* **Work request**
Transcribe the data as written, minus images.
*** Opening of Raw data ***
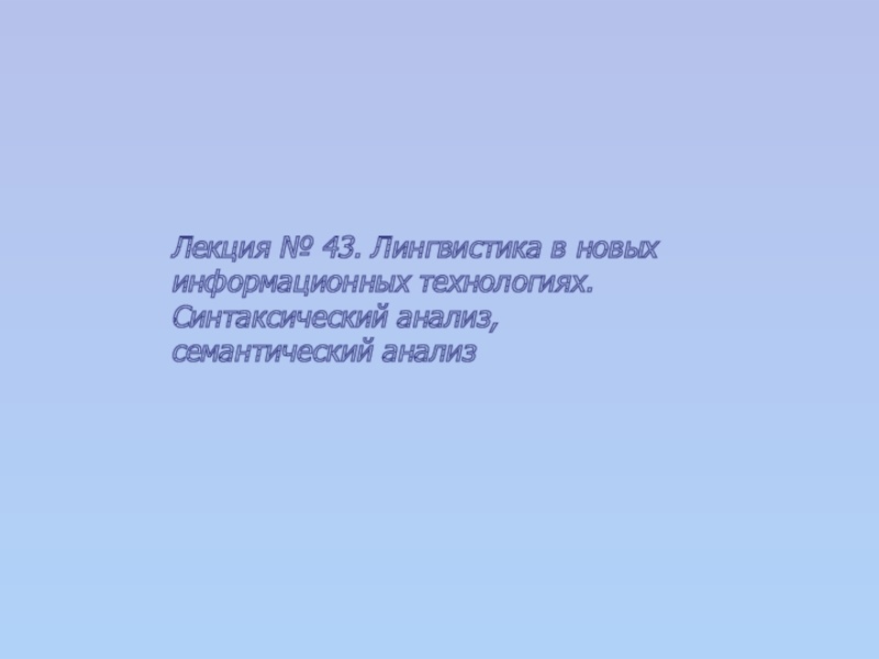 Слайд 2Лекция № 43. Лингвистика в новых информационных технологиях.
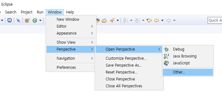 이클립스에서 [Window] -> [Show View] ->
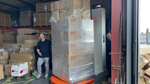 랩핑기의 턴테이블 하단에 무게측정 저울이 달려있어서 파렛트를 올려놓으면 무게를 확인할수 있고
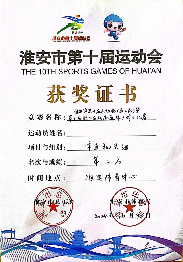 6月30日,從市第三屆職工運(yùn)動(dòng)會(huì)組委會(huì)傳來喜訊,由領(lǐng)隊(duì)田庚,運(yùn)動(dòng)員黃忠、孫逸人、余樂、許建、李文杰組成的淮安法院籃球參賽代表隊(duì)力克強(qiáng)手,一路過關(guān)斬將,在20支參賽隊(duì)伍中勇奪第三名!
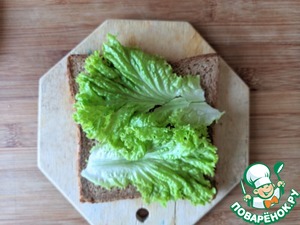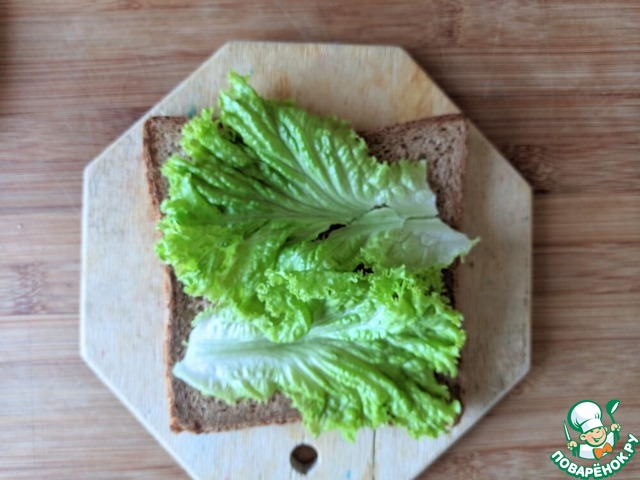 Собираем сэндвич. На тост кладём помытые, обсушенные листья салата.
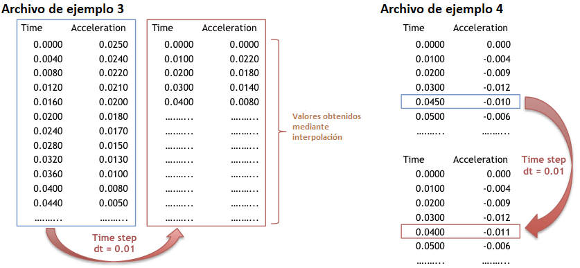 - cargar historiales de tiempos definidos a través de pasos de tiempo no espaciados regularmente; el paso de tiempo que luego adopta el programa es el definido en 'Time Step dt' (vea el ejemplo 4 a continuación).
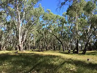Wetlands, river red gum forests, woodlands and grasslands, all of which are found in the Murrumbidgee Valley River Parks, are widely acknowledged as among the most threatened ecosystems in Australia. The inclusion of forested wetlands in the national park system is significant given they occur only in riverine corridors and floodplains on rich alluvial soils prized for their timber and an agricultural production. The river red gum forests are an important component of the broader Murrumbidgee floodplain ecosystem. They contribute valuable ecosystem services, including carbon sequestration, in the otherwise heavily cleared bioregion. The Murrumbidgee River is highly modified due to irrigation in the region which has altered natural flooding regimes. Land use surrounding the reserves includes dry land and irrigated cropping, grazing of natural and improved pastures, and private forestry harvesting.[3]
*** Close of Raw data ***
* **Task response**
 Слайд 2Лекция № 43. Лингвистика в новых информационных технологиях.
 이클립스에서 [Window] -> [Show View] ->
 랩핑기의 턴테이블 하단에 무게측정 저울이 달려있어서 파렛트를 올려놓으면 무게를 확인할수 있고
 6月30日,從市第三屆職工運(yùn)動(dòng)會(huì)組委會(huì)傳來喜訊,由領(lǐng)隊(duì)田庚,運(yùn)動(dòng)員黃忠、孫逸人、余樂、許建、李文杰組成的淮安法院籃球參賽代表隊(duì)力克強(qiáng)手,一路過關(guān)斬將,在20支參賽隊(duì)伍中勇奪第三名!
 Собираем сэндвич. На тост кладём помытые, обсушенные листья салата.
 - cargar historiales de tiempos definidos a través de pasos de tiempo no espaciados regularmente; el paso de tiempo que luego adopta el programa es el definido en 'Time Step dt' (vea el ejemplo 4 a continuación).
Wetlands, river red gum forests, woodlands and grasslands, all of which are found in the Murrumbidgee Valley River Parks, are widely acknowledged as among the most threatened ecosystems in Australia. The inclusion of forested wetlands in the national park system is significant given they occur only in riverine corridors and floodplains on rich alluvial soils prized for their timber and an agricultural production. The river red gum forests are an important component of the broader Murrumbidgee floodplain ecosystem. They contribute valuable ecosystem services, including carbon sequestration, in the otherwise heavily cleared bioregion. The Murrumbidgee River is highly modified due to irrigation in the region which has altered natural flooding regimes. Land use surrounding the reserves includes dry land and irrigated cropping, grazing of natural and improved pastures, and private forestry harvesting.[3]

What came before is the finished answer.